Saturday, April 3, 2021

Ecclesiastic Collisions

 Yesterday Ginger took the day off from her day job and we drove down to Mesa to spend the afternoon and her folks' place in the RV Park. Her niece was in town, during the last spring break of her high school years. Last year she hadn't been able to come down because of the shutdown, and it had been over a year since Ginger had seen her niece. They had gotten together earlier in the week, and this was the second and last opportunity as her niece was to fly back East the next day, Holy Saturday.

Ginger had told me we were having a Good Friday dinner, or something like that. I joked about whether we were celebrating Jesus' death. But since it was the last chance to see her niece, essentially we had Easter dinner two days early. The Ecclesiastic Calendar is like that these days. In fact I have't even done a good fast from food this Lent at all. Having done that in the past, somewhat successfully, I  chose to concentrate on other self mortifications this year, which were more challenging but less overt to my life. 

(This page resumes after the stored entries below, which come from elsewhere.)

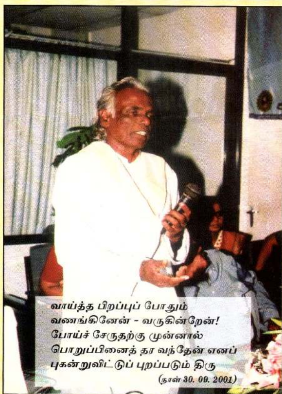
வாய்த்த பிறப்புப் போதும் வணங்கினேன் - வருகின்றேன்! போய்ச் சேருதற்கு முன்னால் பொறுப்பினைத் தர வந்தேன் எனப் புகன்றுவிட்டுப் புறப்படும் திரு (நாள் 30. 09. 2001)
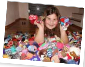
Häubchenausbeute; Foto: Sonja Steinmetz
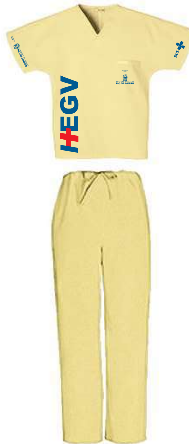
Roupa Tec. de Enfermagem Pantone 130915 TC
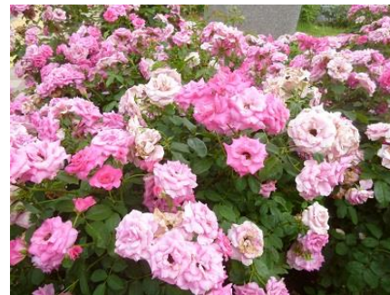
⑦クラフトパークのバラ
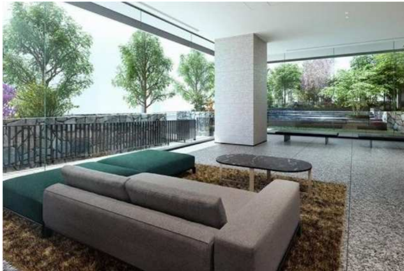
▲ガーデンラウンジ完成予想 CG

都市居住の快適性を高めるとともに、暮らしにさらなる豊かさと上質な時間をもたらします。
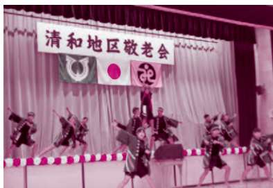
清和中学校生徒によるソーラン節

Since Orthodox Easter falls so late this year (May 2), I may take the opportunity to fast during April, in what is nominally the Easter Season of the Catholic Calendar (and therefore a celebratory one). I believe this is permissible so long as I wait to start fasting until after Divine Mercy Sunday, which is the Sunday one week after Easter, and thus the last day of the Octave of Easter (8-day holy celebration). Divine Mercy Sunday has emerged as one of the most popular modern-introduced Catholic holidays, being celebrated by many neo-traditionalists, in part due to the tireless efforts of Mother Angelica.

We had our anticipatory Easter dinner and farewell to Ginger's niece in the permanent home in the RV Park in Mesa where Ginger's folks live. The park had held its own Easter Egg hunt that morning. Fred talked about the scramble to find the eggs by women the park, all of whom are off Fred's generation, which is to say Boomers. It seems to be the thing to do here, to have a celebration on Good Friday, as I had learned from Reddit that there is a long tradition in the Phoenix Valley, held by one of the local broadcast stations, of hiding empty beer keys as "Easter Eggs" around the valley and leaving clues to it for listeners to locate them and win prizes.

During the meal Fred kept the live feed on their big screen television from their built-in Youtube app, showing the live view of the volcano in Iceland. Ginger had been running this all week in our living room, which doubles as her office during part of the weekday. Live streaming is the new way things are done. 

After dinner, at my suggestion, we took a break from the volcano for a while and watched other short recorded Youtube videos made my students at the small liberal arts college in Illinois where Ginger's niece has been accepted as a freshman for the fall term of 2021. 

 She did theater all through high school in City-on-the-Ohio-River-Downstream-from-Cincinnati (as much as theater could be done this past year). She specialized in costume making and through her research she found exactly the right place where she could go and jump right into costume making in the theater department, which has a reputation for its ability to place its students in professional theater positions in the technical areas, and even acting on Broadway.

She has a strong sense of what she wants to do, which is what young people must have these days, if they are going to go to college. I told her and Ginger's folks that this was so different than how I approached things, in an era when students had the luxury to go to school with an open-ended plan for their education, and to find out what they wanted to do. Now it is probably worth going to college only if you have a specific sharp-focussed goal like Ginger's niece. I told her she was going to rule the costume room of the theater department if not by her sophomore year, then at least by her senior year. Half of life success consists of just sticking around.

The videos we watched on Youtube included students showing off their campus, and the dorms, as well as a tour of the new theater building by the department head.  We got to see the rooms where Ginger's niece was going to ply her craft. This kind of thing---showing off where I was going---would have mortified me when I was eighteen but Ginger's niece didn't seem to mind. She's very grounded that way.

We watched a few videos that were produced by the university. These could not be compared at all to the homespun ones, made by students walking around the campus and buildings. They were much slicker but they told me nothing about the campus. The other videos had made me feel as if I had actually been to the campus in person. I could extrapolate so much of my knowledge of other campuses into it, and it had become a virtual reality experience. I had even joked with Ginger the first time we watched them that I felt I had actually been to the university in the sense of having attended it.